Battlefield medics frequently only have a brief window of opportunity to treat an injury before it’s fatal or causes permanent disabilities, and it’s frequently so fleeting that there’s not much they can do. DARPA is exploring an unusual solution to that problem: slow the biological processes to give medics more room to breathe. Its new Biostasis research program aims to bring cell activity to a near halt by using biochemicals that control energetics at the protein level. If animals like tardigrades and wood frogs can stabilize their cells to survive freezing and dehydration, similar techniques might offer more time to medics who want to treat wounds before a victim’s vital systems break down.

DARPA knows this won’t be easy. The trick is to slow down every cellular process at roughly the same rate — you can’t just pause a few while others run at full speed. You’d also have to minimize any damage when the cells return to their normal function.

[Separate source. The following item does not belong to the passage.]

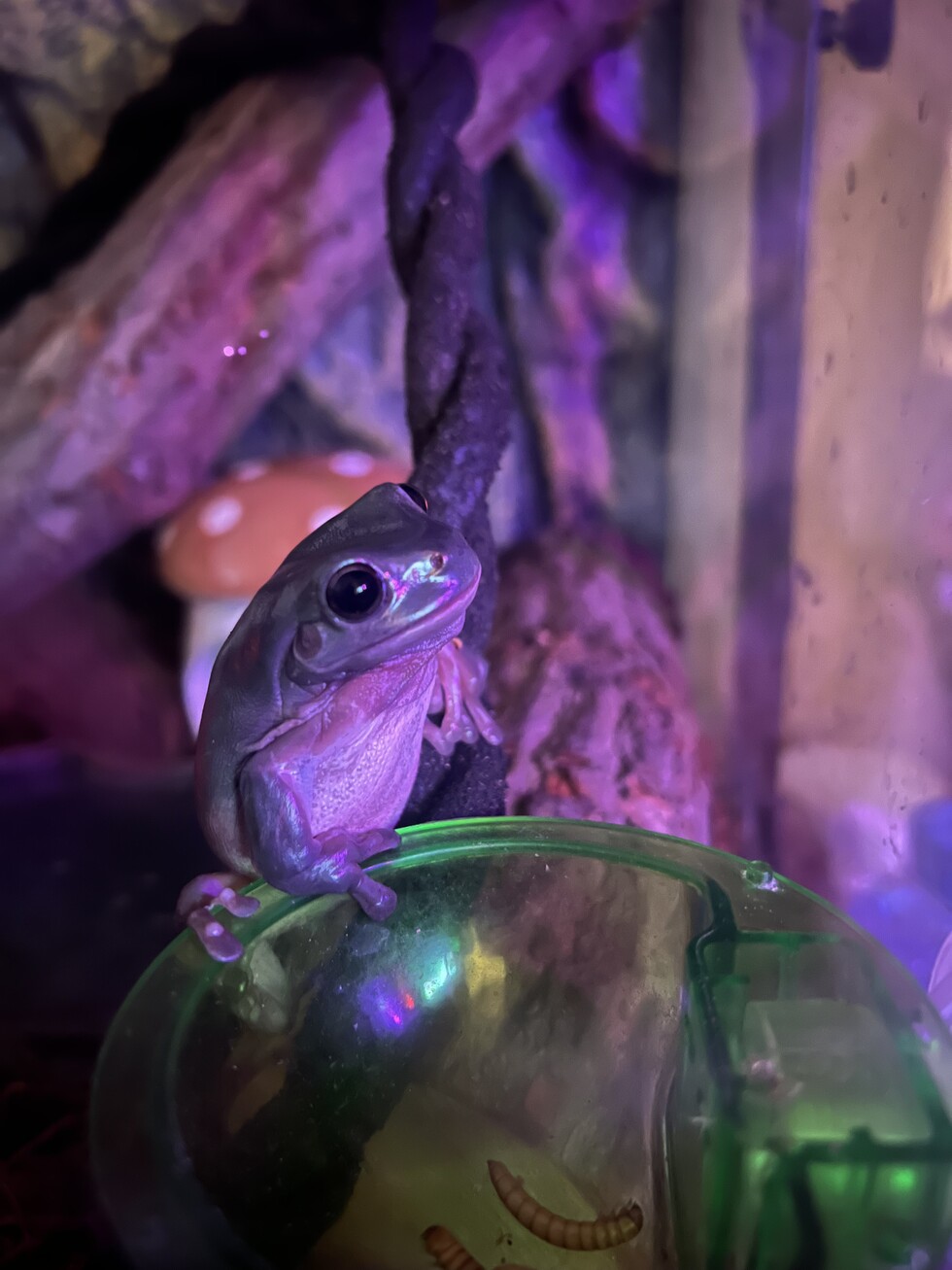 Pet's StorySimon was adopted from the Saratoga Reptile & Amphibian Exposition in January of 2023. He just celebrated his 3rd birthday and upgraded to a new and larger terrarium. He is nocturnal so he spends most of his day suctioned to the glass of his tank or in his moss hut sleeping. He loves to come out at night and "hunt" for his food...even though it's in the same spot every single night. He is very goofy and the most lovable frog you'll ever see!

The Biostasis program is still very young (its first day for answering proposers’ questions is March 20th), and DARPA isn’t expecting too much even from complete projects: it’s initially focusing on “benchtop” proofs of concept and will focus on real-world uses as the program nears its 5-year end. If it has any success, though, the program could prove to be a breakthrough for the medical field as a whole, not just in combat. Paramedics could buy themselves enough time to get a patient to hospital, and doctors could focus less on basic survival and more on full recoveries.